Monthly Archives: August 2013

Hagiography Society: Leeds Medieval Congress 2014, Sponsored Sessions – Call For Papers

The Hagiography Society seeks either individual papers or full session proposals for sponsored sessions at the International Medieval Congress 2014 in Leeds (7-10 July). Although all proposals relating to saints and hagiography will be considered, those which respond to the congress theme of ‘Empire’ or to the suggested sessions below are particularly welcomed.

Shifting Practices, Priorities, and Perceptions: The Changing Nature of Medieval Saints’ Cults.

 Whether considered from the standpoint of a single cult centre, or a saint with a following spread over a wide geographic area, the practices, motivations, and audiences of saints’ cults often changed over time. Papers in this panel might explore this issue through a variety of lenses: using available documentation of cult practice and promotion, iconographic changes seen in the representation of saints over time, alterations made to shrines and buildings, developments in the hagiographical tradition as witnessed by surviving copies of vitae, or other approaches. Interdisciplinary work is welcomed.

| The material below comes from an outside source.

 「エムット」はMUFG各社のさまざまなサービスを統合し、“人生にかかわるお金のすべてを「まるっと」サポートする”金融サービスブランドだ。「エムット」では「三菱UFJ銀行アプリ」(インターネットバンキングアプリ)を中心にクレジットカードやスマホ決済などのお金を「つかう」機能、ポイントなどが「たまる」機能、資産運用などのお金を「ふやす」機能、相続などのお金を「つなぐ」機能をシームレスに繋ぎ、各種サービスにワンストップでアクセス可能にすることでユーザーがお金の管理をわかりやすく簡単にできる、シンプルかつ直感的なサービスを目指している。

Local Heroes: New Approaches to the Study of Minor Saints and their Cults. 

This session is intended to provide an arena for scholars currently working on lesser-known saints and cults for which only fleeting textual, visual and/or material evidence remains. Proposed papers should engage with some of the following questions: What avenues of investigation are open to researchers in this area? How have new methodologies changed the field? How significant were these cults to the communities who venerated them? What factors prevented these saints from achieving wider prominence? And what insights do such micro-studies add to our broader understanding of medieval devotional practices?

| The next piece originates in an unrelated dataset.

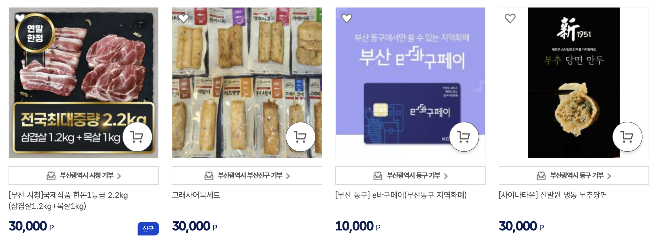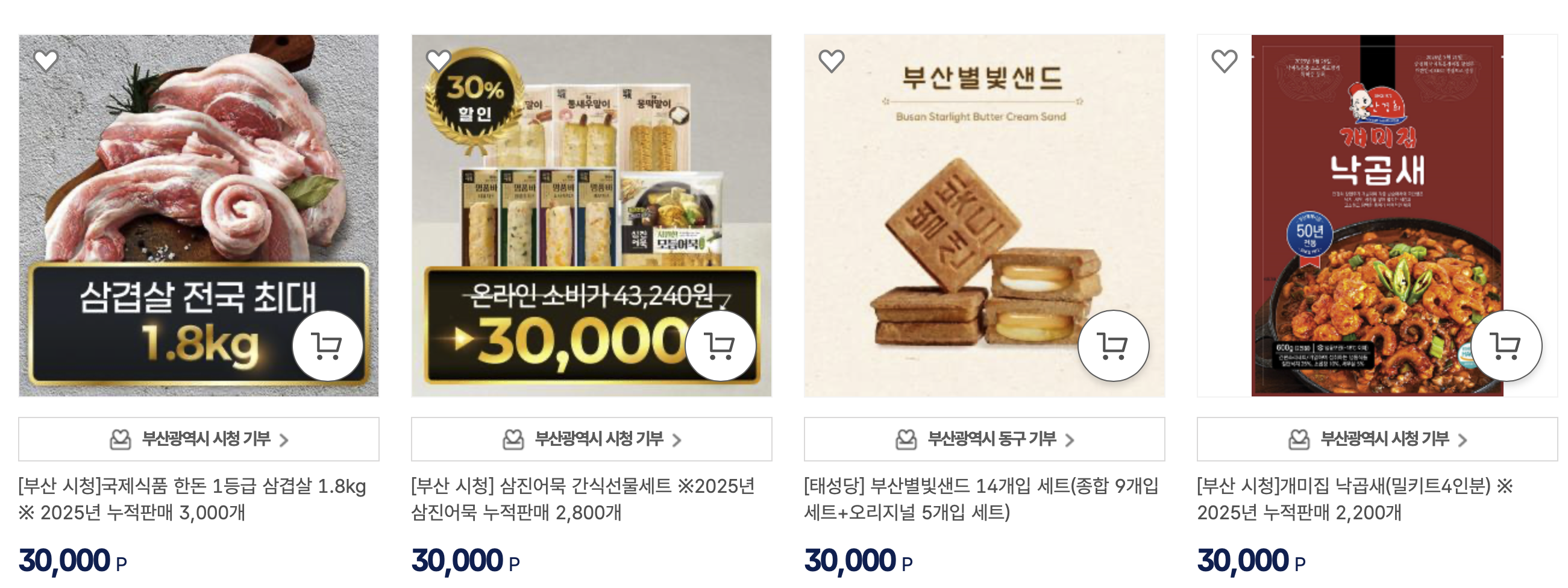 부산 기부 시 지역 특색이 담긴 다양한 답례품을 받을 수 있습니다.

Individual papers should be 20 minutes in length while full session proposals must consist of three papers.

Please e-mail abstract proposals of between 250-300 words per paper to H.Birkett@exeter.ac.uk by Friday 13 September.

If regular mail is preferred, hard copies should be sent to:

Dr Helen Birkett
History
Amory Building, Rennes Drive
EX4 4RJ, UK. 

Please ensure that postal applications arrive before the deadline.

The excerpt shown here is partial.